The President sighed. “General, I will hear no more of this. I want the response designed immediately. Instruct your computer. When the response is programmed, I will activate the codes through the civilian authorities and the Joint Chiefs, who will transmit them to you instantly, as the law requires.”
The President handed the phone to the duty officer with a look far more persuasive than any military command the young naval officer had ever received. The President, seconds away from the answer to part of his riddle, slumped into an armchair in which he had been briefed daily on tribesmen crossing far-off frontiers, on British ministers jeopardizing NATO secrets through liaisons with European heiresses, and countless other international crises, large and small. He closed his eyes. In the background he could hear the Premier’s words repeated mechanically into the phone. A teletype was clattering. He took absolutely no heed of either. He held a small blue-and-red card, encased in plastic like a fancy credit card. It said “Sealed Authenticator System” and contained various coded numbers and letters. It identified him as the man who could unloose the weapons. It rested loosely in his limp hand.
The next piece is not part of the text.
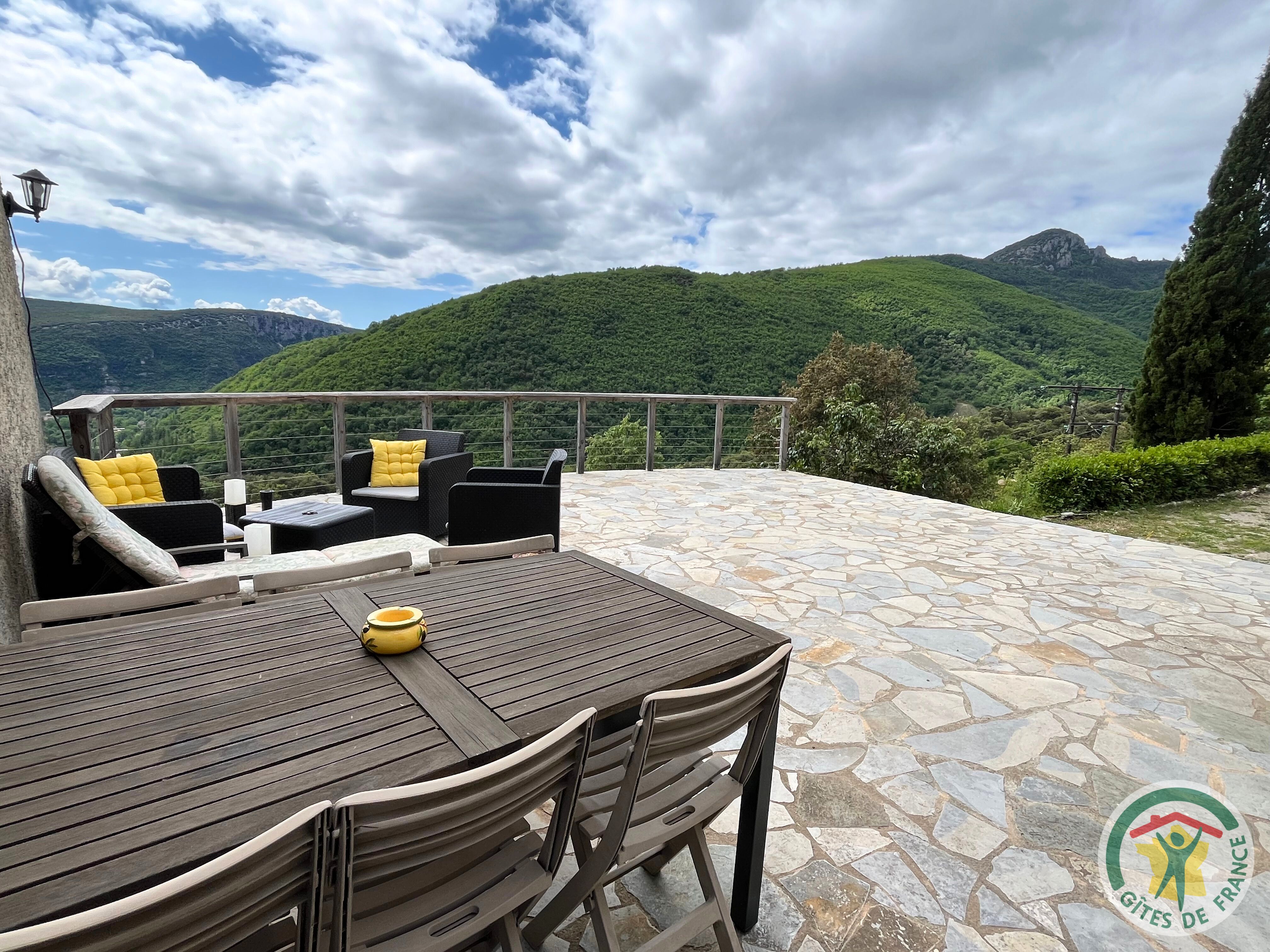 Gîte mitoyen dans ensemble bâti, avec parking aménagé en bord de route et accès au gîte tout proche à pied. A l’entrée, vous disposez d’une cuisine toute équipée qui donne accès à une grande terrasse panoramique commune, puis une première chambre (lit 140×200), le spacieux séjour, cadre exceptionnel avec remarquable plafond en bois et poutres en forme d’étoile. Une autre chambre (lit 140×200) avec un petit escalier donnant accès à une mezzanine avec deux lits (90×200). Petite terrasse privative à l’entrée du gîte- Barbecue – chauffage avec bois de cheminée (25€/jour).

Two minutes after Harpoon emerged from the bowels of Omaha, twenty-two minutes left on the clocks Icarus watched, the blue alert truck squealed to a stop on a darkened runway outside SAC headquarters. The engine roar of the giant E-4 command plane, a specially refitted Boeing 747, deafened the admiral. He glanced quickly at the words “UNITED STATES OF AMERICA” stripped across its side. It was an exact replica of the plane that might still be waiting for the President at Andrews.
The admiral leaped out of the truck, scurried up the stairs into the plane, and snap-saluted a handful of Air Force officers waiting near the hatch. He said nothing, hurrying toward the front of the windowless plane, double-timing it up a spiral staircase to the quarters a President would use. He looked at a bank of multicolored phones and a small table inside a square of four blue swivel chairs. He sat down, placing his satchel to the side, and picked up a white phone with twenty-two button lights. He pushed one, connecting him to the pilot, a major who wore a black eyepatch. “Get this bird moving,” he said.
He paused for a second, trying to get the chill out of his bones. Then he picked up a yellow phone, with buttons connecting him to the outside. He punched one. “Diogenes,” a voice responded instantly, although the voice was a thousand miles distant in a bunker buried beneath the winter-brown horse country of Virginia. “Harpoon,” the admiral said.